GF: You should be set for a second NCAA Prelims meet, I'm sure moving on from there to Iowa is the next step.
RF: That is definitely my goal, last year I got close, but I was kind of dealing with some injuries. I gave my best shot at the regional meet and 16-7 was just not enough, it was a good jump. I feel like this year I have been consistently around the 17, 17-3 mark. If I can just go and do that in the heat of the moment I think that will get me through. That is kind of a high pressure meet where everyone wants it too much and kind of break down to their old habits, I just want to stay in my jump. Me and J.J. have been working real hard and trying to compete against each other. So in high pressure situations we will just look at each other to make it feel like a practice environment. I think if we can keep rolling off of each other then we will have a really good shot.
GH: Working close with J.J., how would you say he's handled the adjustment to college?
RF: He has been good. I trained with J.J. in Eugene when I was at Lane Community College and had kind of the same coach as he did and really got to know him as an athlete and a person really before he came up here. He has adapted real well, I am excited that he is here but then kind of bummed that I will have to go back to Eugene when he is up here for the next 3-4 years. I think he is just going to be that kind of role model, he is already revered here as an athlete, I really think everyone looks up to him, I even look up to him. I think he has a lot to learn and a lot to share. Just a good teammate.
GH: Coming out of high school, what led you to the community college route?
RF: I jumped 14-9 and I was a consistent 14 footer, so when I did jump that 14'9" no one really saw it coming and I had zero offers. I was just kind of looking for something to do. My cousin and I were talking and I was just going to go out in the woods and fell trees, be a logger like we talked about growing up. But, I get this call from Dan West at Lane Community College, he is a great coach, coached the `92 Barcelona Olympics, coached my cousin Cody who was at the university of Oregon which inspired me to go. But when I got that call from him I just couldn't turn it down, it wasn't an offer for any money or anything, just to be able to go there and train, I was honored, I decided to take advantage of it and just the way Dan coaches inspires a lot of athletes. He just inspired me to keep going and always had a lot of faith in me. I wouldn't be here without him; I have to give a lot of credit to him. I was actually there for three years, I ended up redshirting. I jumped 14-9 my senior year of high school and my freshman year of college I ended up jumping 16-feet even. I was getting on bigger poles now. My third year there I ended up jumping 16-8, just made a couple breakthrough just working on the run and technique.
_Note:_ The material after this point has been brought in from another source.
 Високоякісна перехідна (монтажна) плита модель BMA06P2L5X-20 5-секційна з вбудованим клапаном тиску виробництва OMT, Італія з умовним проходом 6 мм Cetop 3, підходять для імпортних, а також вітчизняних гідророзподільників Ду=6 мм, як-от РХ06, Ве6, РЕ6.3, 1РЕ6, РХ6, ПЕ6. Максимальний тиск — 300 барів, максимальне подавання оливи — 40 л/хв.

After I jumped 16-8 I was just kind of contemplating what schools to go to and we already had Oregon out of the question, just because it would not have been a great fit. The transition from Lane to Washington just looked right. Dan was guiding me and letting me know that he had a lot of faith in Pat, that made me have a lot of faith in him. It looked like a great program to go to.
GH: Obviously there's a lot of enthusiasm for the vault here with all the post-collegiates mixing with the current crew.
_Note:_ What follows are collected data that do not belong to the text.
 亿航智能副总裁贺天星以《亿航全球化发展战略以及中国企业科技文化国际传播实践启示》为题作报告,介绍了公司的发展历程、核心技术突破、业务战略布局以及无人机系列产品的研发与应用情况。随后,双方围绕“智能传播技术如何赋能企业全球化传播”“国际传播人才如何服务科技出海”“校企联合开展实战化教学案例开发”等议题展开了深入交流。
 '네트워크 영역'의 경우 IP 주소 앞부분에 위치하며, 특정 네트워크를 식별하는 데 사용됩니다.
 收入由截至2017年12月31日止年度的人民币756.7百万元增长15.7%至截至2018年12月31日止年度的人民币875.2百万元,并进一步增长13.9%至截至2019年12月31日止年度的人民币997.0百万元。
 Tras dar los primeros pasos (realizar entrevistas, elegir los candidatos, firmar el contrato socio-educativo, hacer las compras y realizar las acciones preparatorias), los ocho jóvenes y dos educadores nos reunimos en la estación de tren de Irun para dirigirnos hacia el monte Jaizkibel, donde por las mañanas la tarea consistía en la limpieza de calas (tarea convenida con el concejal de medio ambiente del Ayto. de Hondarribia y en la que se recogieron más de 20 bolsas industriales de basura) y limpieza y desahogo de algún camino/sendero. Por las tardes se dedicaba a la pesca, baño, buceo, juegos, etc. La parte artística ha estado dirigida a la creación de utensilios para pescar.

RF: It is very fun. With the amount of energy that Pat brings to it just really gets us going, he kind of just looks at you and sets out a program. It is not only Pat, but there is a lot of credit due to all of the athletes involved. I have learned just as much from the athletes here as I have from Pat. Pat is just the mentor that guides us all. I feel like that is forgotten a lot, this awesome training group that I am in has really allowed me to thrive.
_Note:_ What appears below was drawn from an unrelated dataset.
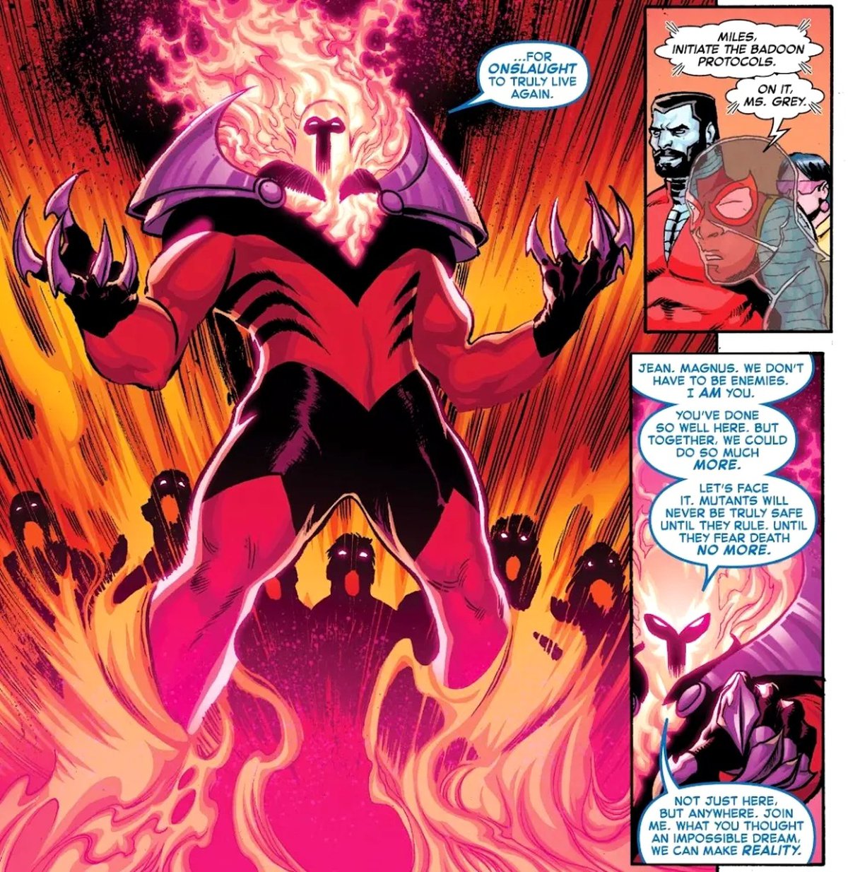 Страшная сущность появилась в одной альтернативной вселенной комиксов Марвел. А именно, особая версия Натиска (Onslaught), в которую соединились сознания Джин Грей и Магнето. Тварь эта может летать по мультивселенной, подчинять местных обитателей, уничтожая эти измерения.

GH: What types of technical changes have you made with Pat?
RF: Pat's main specialization is the run and the take off. So right when he saw me, he said we have a lot to work on with the run. And even from the first time he saw me, my step moved back five feet, which is a big deal. We have always been working on my run. I was hesitant at first, because I thought it was all about the air, but once I realized that it was the beginning to get takeoff into the air, I was a believer. Without Pat and him building my run mechanics, teaching me how to run, then I wouldn't be where I am today, I wouldn't have a chance to go on at the next level, I would just be around the mid 16s just kind of wondering what's up. Pat really matured me and showed me where the key was, that 90% of the vault is the run and the takeoff, and once you have transferred that energy that is what allows the vault to work. Kind of a mindset change, new goals and everything, it is for the good.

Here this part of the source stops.